By Evridiki Fatolia,
The love-politics of black feminism creates a public culture built on a collective “public feeling” of love, or what Jordan refers to as “a steady-state deep caring and respect for every other human being, a love that can only derive from a secure and positive self-love” (Jordan 2003, 272). Love, then, is a self-practice, a self-labor that serves as the foundation of political communities based on a radical ethic. Such allegiance to the present is suspended by black feminist love-politics, which recognises that altering the grammar of our contemporary political moment will not free us from the script that is always already in place. Instead, practitioners of love politics see a society governed by love, by a radical embracing of difference, by a group of subjects who work on/against themselves to work for one other. Of course, dreaming does not suspend labour; black feminist love-politics practitioners have always believed that the radical future necessitates certain types of very hard work, pushing beyond our investments in selfhood and sameness and towards collectivities and possibilities. This view also does not ignore the numerous ways in which power and institutions of dominance act on and against bodies in both mundane and dramatic ways. It is a critical response to ordinary violence and the existence of inequality that calls for imaginative politics.
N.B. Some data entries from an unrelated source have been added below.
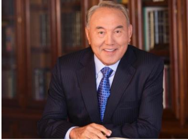
Президент Республики Казахстан, ЕП Нурсултан Назарбаев

1 декабря Казахстан празднует день первого президента. Посол Ш.М. Сони поздравил президента Нурсултана Назарбаева с Днем Первого Президента через Kaztube.kz.
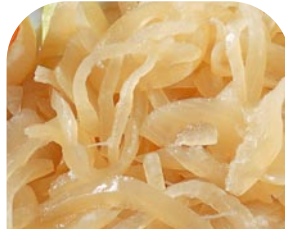
VL1 Zwiebeln in Scheiben
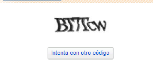
Figura 3: CAPTCHA ofrecido después de un intento

En la Figura 3 se propone la introducción de un nuevo código para poder seguir adelante en el registro de una cuenta de correo electrónico, previo fallo de la anterior imagen. El problema es que este proceso se repite varias veces hasta que se logra introducir correctamente uno de los códigos mostrados.
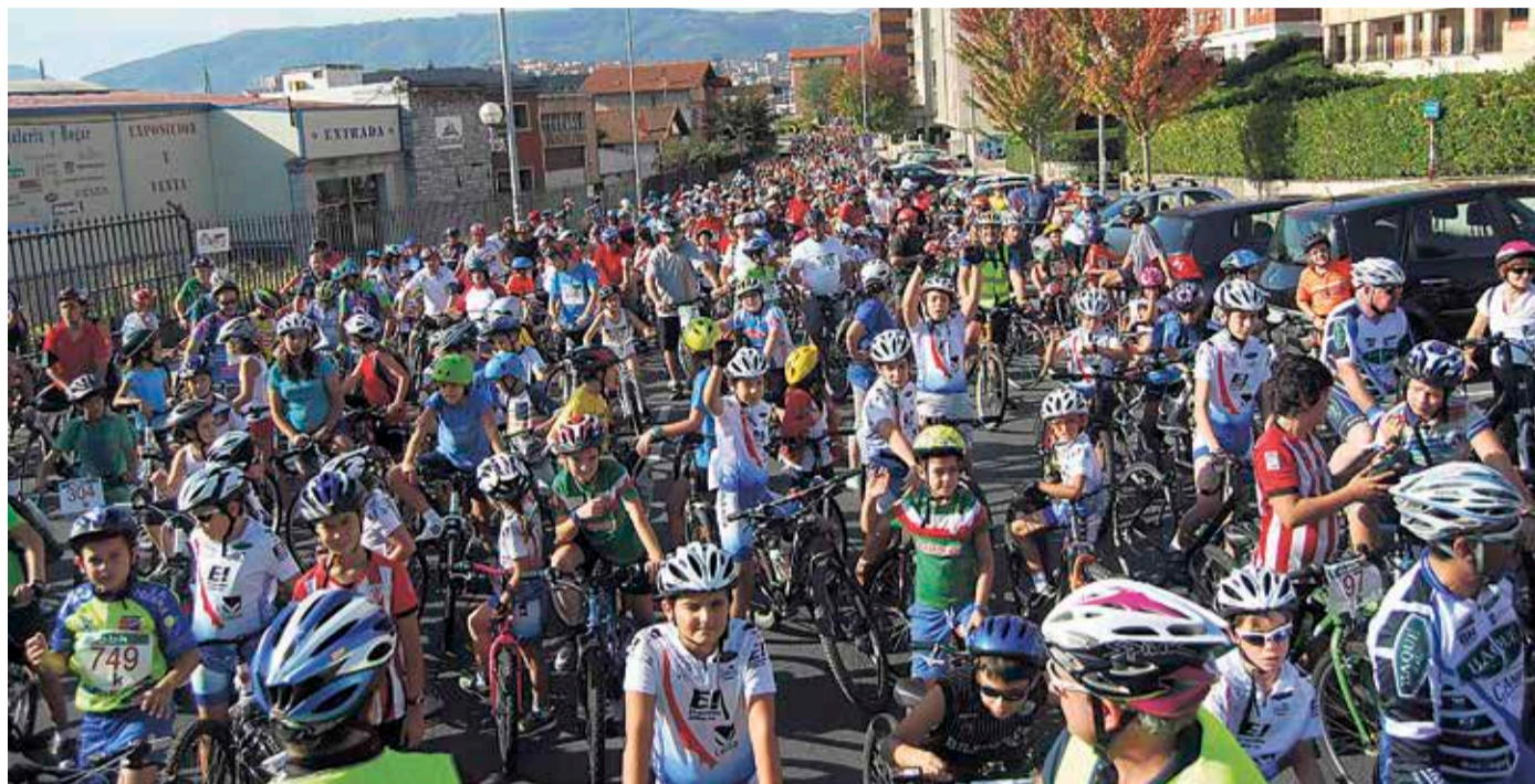
Helduek ez dute festan izena ematerik, adingabeko bategaz edo bigaz joan ezean.

Eskualdeko txirrindulari gazteen eguna bihurtu da urteen poderioz Umeen Bizikleta Festa. Elkar Kirolak txirrindularitza-eskolaren ekimen ikusgarriena da.
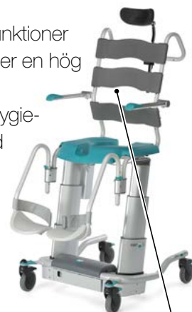
Easy™ SoftBack Flexi

EASY™ kan fås med vår nya, mjuka Komfortsits - med öppning bakåt för ett mer naturligt/hygieniskt arbetssätt. EASY™ Softback finns i två varianter - med traditionell komfortrygg eller med ryg av PUR band.
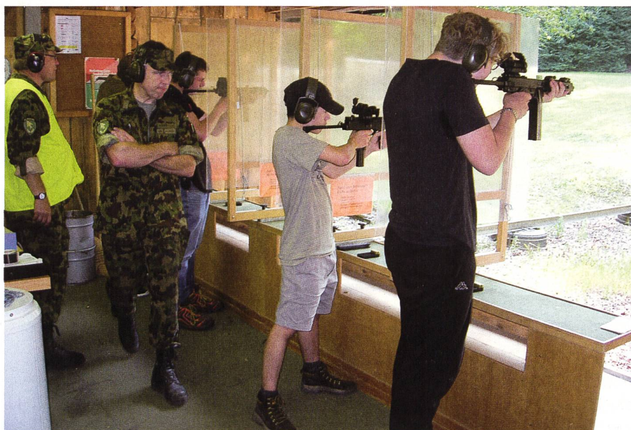
Konzentriertes Schiessen unter kundiger Aufsicht.

Besonders erwähnenswert ist der Schweizerische Militär-Sanitäts-Verband (SMSV). Der SMSV ist der Dachverband von rund

Finally, black feminist love-politics provides a break from the identitarian political labour so frequently connected with black feminism. The lengthy labour of love-politics in black feminism uncovers an understudied black feminist political heritage and emphasises the significance of not restricting black feminist work just to intersectional work. In doing so, this research seeks to challenge a wider trend in feminist theory that relegates black feminism to the category of feminisms-past, feminisms that are problematically (and anachronistically) associated with identity. Second, reading the long-standing concern in affect in black feminism reveals that the roots of the “affective turn” are significantly more diversified than commonly theorised. Despite the fact that affect theory and queer theory are closely linked, the labour of building political communities around “public feelings” and “communal affect” has been a black feminist investment for decades. Eventually, understanding black feminism’s love-politics takes up Hardt and Negri’s call to support a “politics of love.” Indeed, black feminism’s visionary love-politics turns a phrase like “where is the love?” from a personal concern about romantic love into a political cry for transcending the self and reshaping the public space.
References
- Jennifer C. Nash; Practicing Love: Black Feminism, Love-Politics, and Post-Intersectionality. Meridians 1 December 2020; 19 (S1): 439–462
- Conley, T., Gusakova, S., & Piemonte, J. (2018). Love Is Political: How Power and Bias Influence Our Intimate Lives. In R. Sternberg & K. Sternberg (Eds.), The New Psychology of Love (pp. 117-137). Cambridge: Cambridge University Press.